THE PROBLEM:
The listing below should be printed exactly, though its pictures must not be.

THE DATA:
————

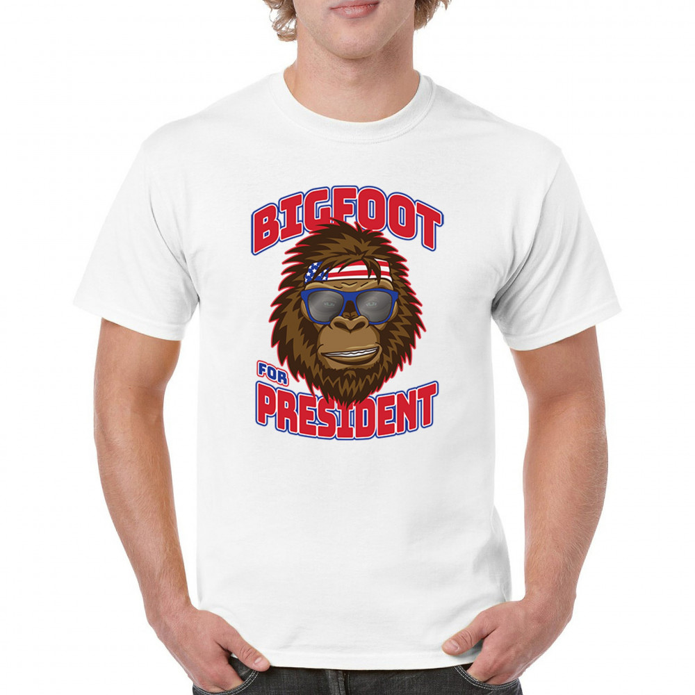 Show off your quirky style with the "Bigfoot for President" design. Perfect for casual wear and parties, featuring Bigfoot in sunglasses and a patriotic bandana.
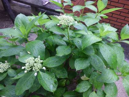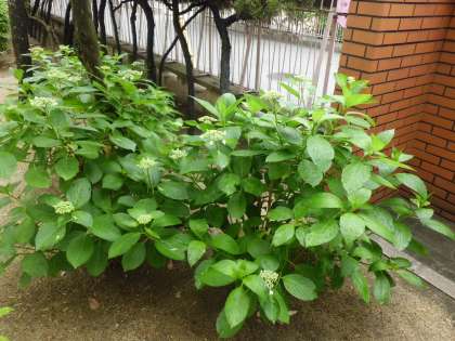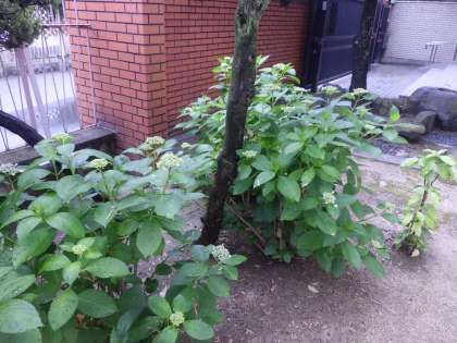 玄関入ってすぐ右手のアジサイの花芽が膨らんできました。梅雨時に開花しそうです。ガクアジサイです。
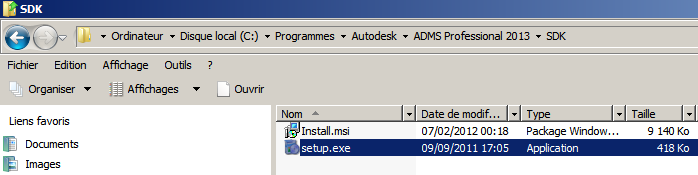 - c:\Program Files\Autodesk\ADMS (version du produit) 2012\SDK pour un système d'exploitation de 32 bits

————

ANSWER TO THIS EXERCISE:
 Show off your quirky style with the "Bigfoot for President" design. Perfect for casual wear and parties, featuring Bigfoot in sunglasses and a patriotic bandana.
 玄関入ってすぐ右手のアジサイの花芽が膨らんできました。梅雨時に開花しそうです。ガクアジサイです。
 - c:\Program Files\Autodesk\ADMS (version du produit) 2012\SDK pour un système d'exploitation de 32 bits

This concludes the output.